(WHAT IS NEEDED) Every line from the one with "We are seeking" through the last line below should be repeated exactly; pictures stay out of the copy.

(COLLECTED MATERIAL)
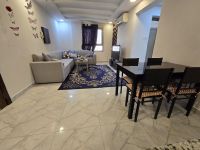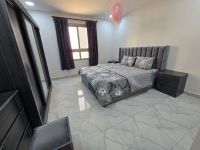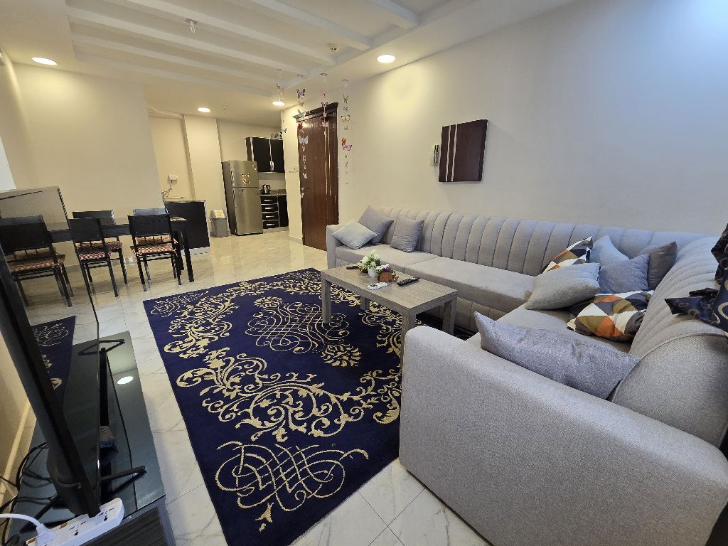 Furnished apartment for rent in Janabiyah, including electricity. The apartment consists of 2 bedrooms, 2 bathrooms, a living room, a kitchen, an elevator, a parking space, and a security guard. Rent is BD300. For inquiries, note that electricity is limited.
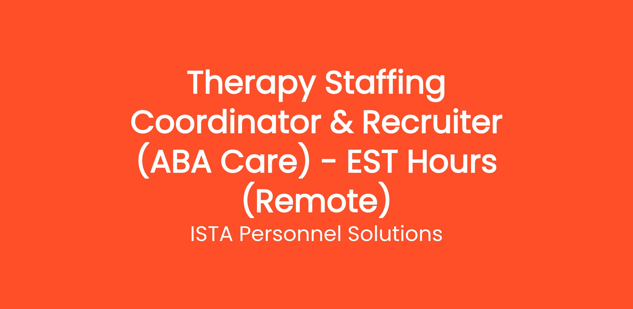 We are seeking a highly organized Therapy Staffing Coordinator & Recruiter to support a U.S.-based ABA (Applied Behavior Analysis) therapy provider. This role is both people-focused and operations-driven: you’ll serve as the bridge between families seeking ABA care and the therapists who provide it.
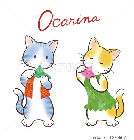 2匹のネコがオカリナを演奏しているかわいいイラスト
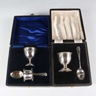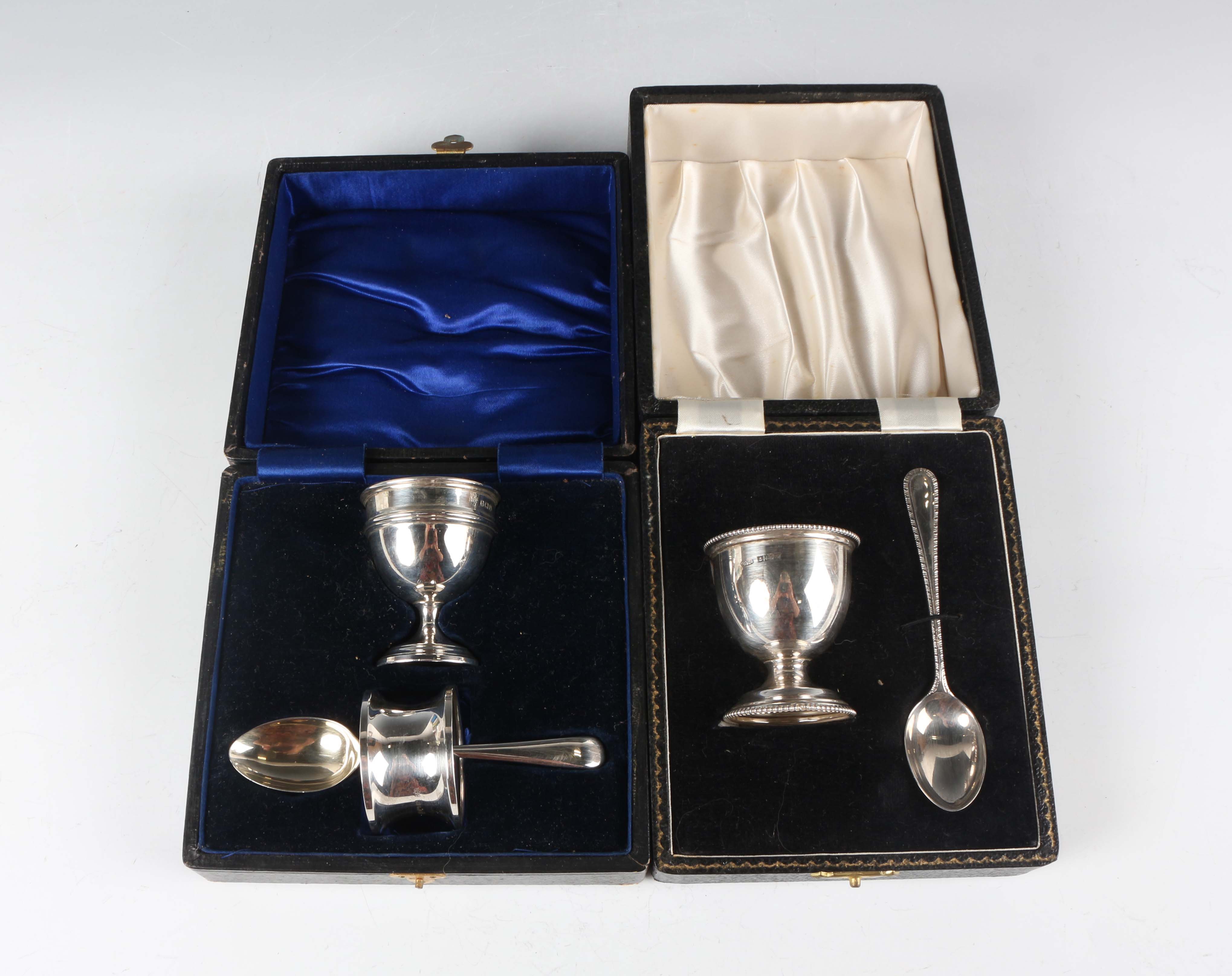 A George V silver christening egg cup, spoon and napkin ring, Birmingham 1914 by Jones & Crompton, cased, and a silver christening egg cup and spoon, Birmingham 1964 and 1965, cased, total weight 71.4g.

(RESPONSE)
 We are seeking a highly organized Therapy Staffing Coordinator & Recruiter to support a U.S.-based ABA (Applied Behavior Analysis) therapy provider. This role is both people-focused and operations-driven: you’ll serve as the bridge between families seeking ABA care and the therapists who provide it.
 2匹のネコがオカリナを演奏しているかわいいイラスト
 A George V silver christening egg cup, spoon and napkin ring, Birmingham 1914 by Jones & Crompton, cased, and a silver christening egg cup and spoon, Birmingham 1964 and 1965, cased, total weight 71.4g.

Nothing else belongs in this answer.